From: Philip Hunt (firstname.lastname@example.org)
Date: Sat Nov 29 2008 - 22:39:52 MST
2008/11/29 J. Andrew Rogers <email@example.com>:
> On Nov 29, 2008, at 2:29 AM, Philip Hunt wrote:
>> 2008/11/28 J. Andrew Rogers <firstname.lastname@example.org>:
>>> How do you know what paradigms are needed for AI? And what about the
>>> paradigms LISP does not do well? Why not use a more paradigm-agile
>>> (e.g. Python)?
>> Surely Lisp is more paradigm-agile than Python, because if Lisp
>> doesn't support a paradigm, you can extend it until it does, using
> This is essentially true of most languages, as they are all capable of
> supporting whatever paradigm or idiom one wants to use with thick enough
> abstraction layer -- most programming languages have been implemented in C,
> after all.
It's true that any Turing-complete language can emulate any other, but
that's not what I was talking about. The advantage of Lisp is that
it's *very easy* to implement another language in it, a lot easier
than going to the trouble of writing a compiler/interpreter.
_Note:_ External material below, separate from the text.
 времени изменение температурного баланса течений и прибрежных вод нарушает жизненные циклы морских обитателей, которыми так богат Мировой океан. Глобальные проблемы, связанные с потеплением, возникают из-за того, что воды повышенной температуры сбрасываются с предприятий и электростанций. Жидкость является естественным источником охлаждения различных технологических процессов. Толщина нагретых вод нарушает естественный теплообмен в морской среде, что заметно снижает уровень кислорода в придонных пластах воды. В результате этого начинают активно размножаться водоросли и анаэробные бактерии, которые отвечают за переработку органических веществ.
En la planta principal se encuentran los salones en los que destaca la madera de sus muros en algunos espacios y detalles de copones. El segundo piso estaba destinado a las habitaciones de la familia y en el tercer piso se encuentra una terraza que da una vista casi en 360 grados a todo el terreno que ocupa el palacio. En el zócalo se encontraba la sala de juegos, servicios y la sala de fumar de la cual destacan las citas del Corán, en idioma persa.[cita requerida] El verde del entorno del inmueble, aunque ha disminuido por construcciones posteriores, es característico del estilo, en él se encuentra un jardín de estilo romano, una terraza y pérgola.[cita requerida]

> By "paradigm-agile" I really meant "idiom-agile", observing that the
> efficient idiomatic expressiveness of Python is broader than most common
> languages, and most simple, elegant languages (LISP, FORTH, etc) can be
> implemented in a page of Python code as a result even though, for example,
> some FORTH-like idioms are ugly in LISP-like languages and vice versa.
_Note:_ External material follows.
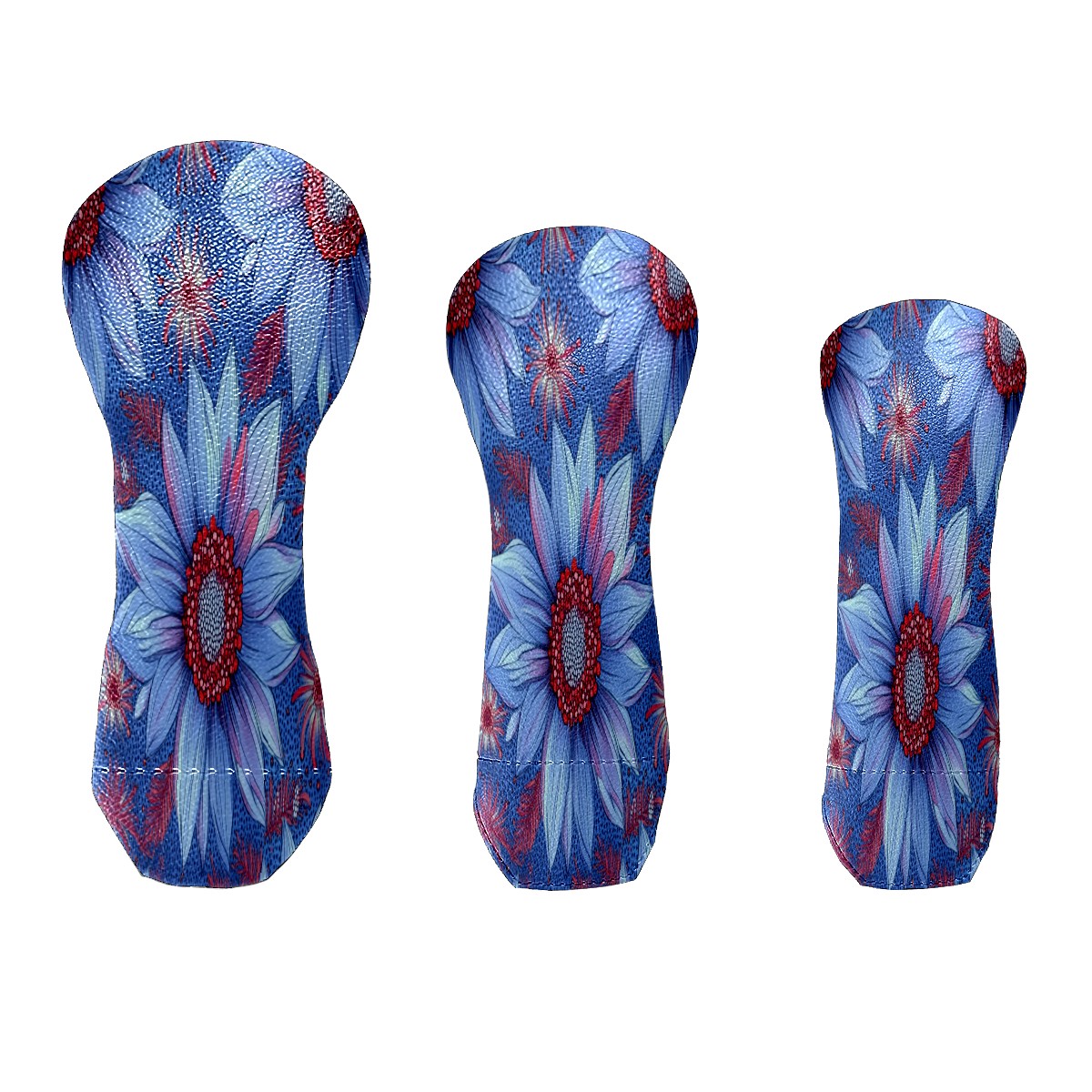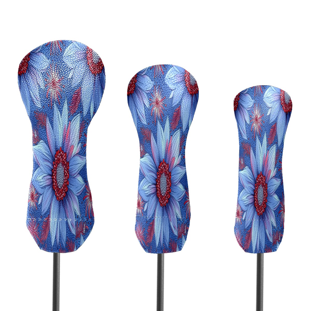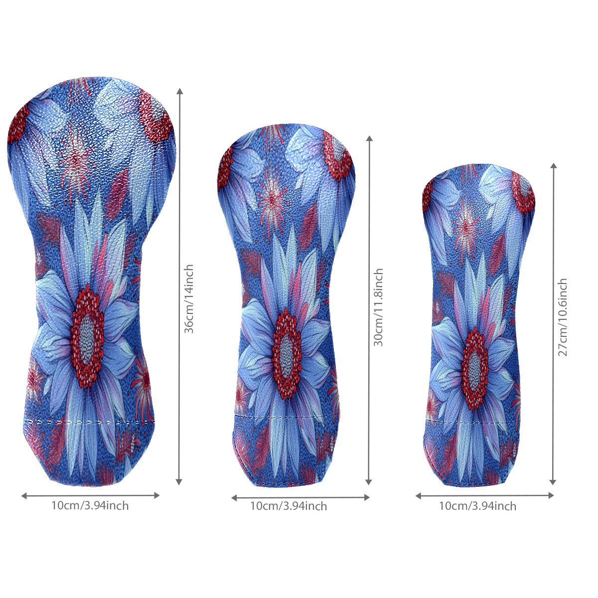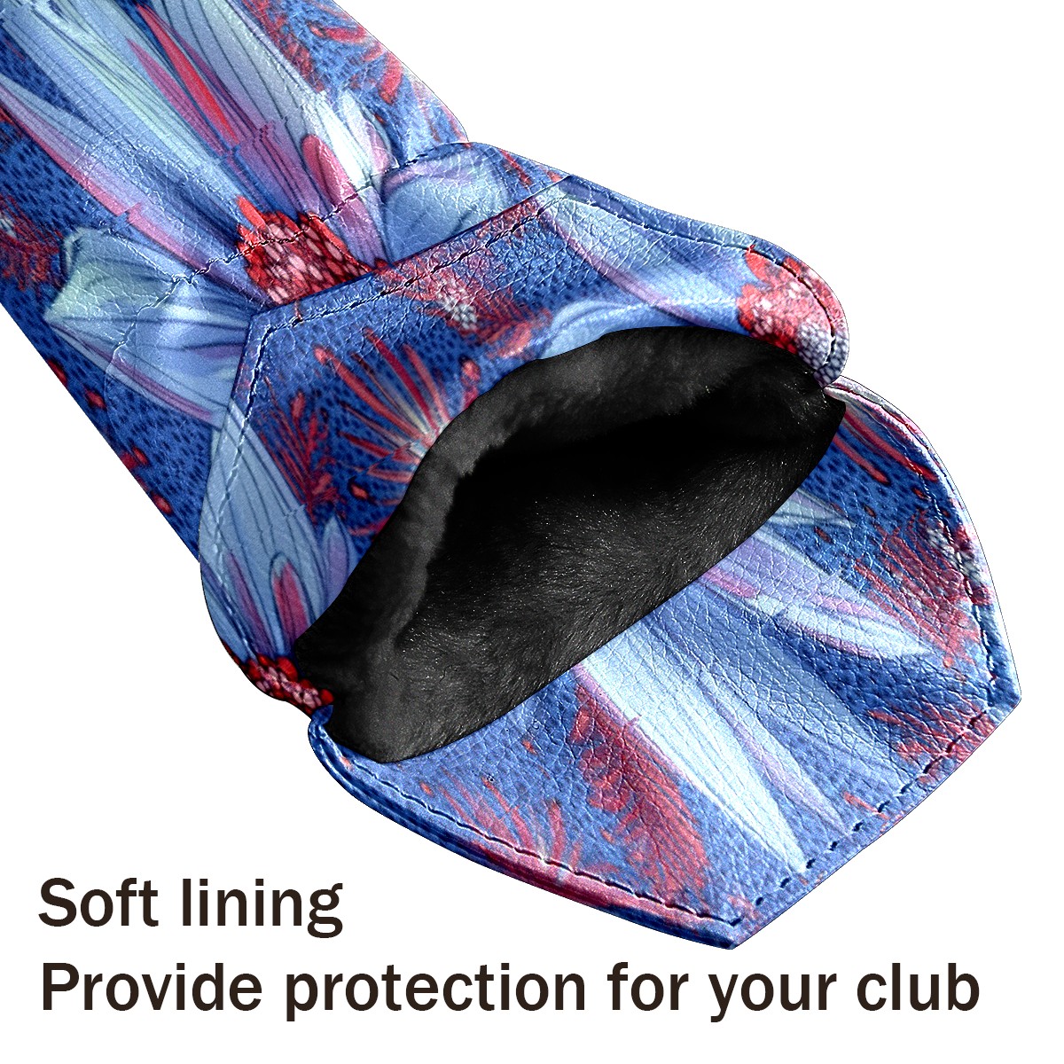 Golf Club Head Cover Waterproof Leather for Driver Golf Accessories Men Women Golf Gift for Golfers 1/3/5 Fairway Wood Cover Blue Floral Pattern
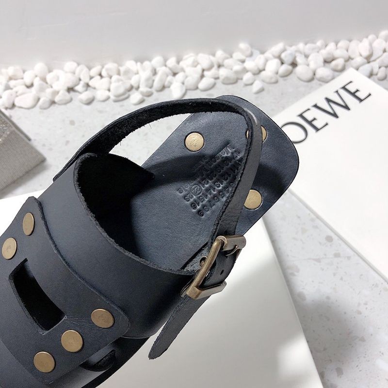 The iconic studded flat sandals are made of vegetable tanned leather. They feature a Tabi-shaped split-toe sole, double straps with square decorations and an adjustable ankle strap. The back is decorated with white stitching. The iconic split-toe Tabi shoes are inspired by the traditional tabi socks used in 15th century Japan. They were introduced in the Maison's debut collection in 1989. They embody the avant-garde and rebellious spirit of the Maison and are a historic staple that is constantly explored with each collection.

When you talk of implementing a Forth-like language in Python, I
assume you mean something like this:
forthlikeProgram = [3, 4, '+'] # adds 3 and 4
#... runs 'program' in a stack-based language
Now obviously the same thing could be done in Lisp. However, Lisp
s-expressions are a less verbose encoding than Python lists, so the
forth program would look like:
(3 4 +)
This isn't a big deal when the program only has 3 elements, but if it
was bigger, it would be an issue.
So I would say that Lisp is better than Python at working in the Forth idiom.
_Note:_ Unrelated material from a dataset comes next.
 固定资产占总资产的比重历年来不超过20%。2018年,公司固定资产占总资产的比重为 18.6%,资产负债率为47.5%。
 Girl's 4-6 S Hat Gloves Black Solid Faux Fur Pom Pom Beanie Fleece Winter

> Useful, if a problem is so poorly defined that the most efficient idiomatic
> expression is not obvious.
Which for hard problems will often be the case. AI programming vcan be
thought of as a special case of explotratory programming, where you
don't know what the solution will be when you shart coding. Therefore
it helps if the language is flexible, e.g. if a variable's type is
determined at run time not compile time.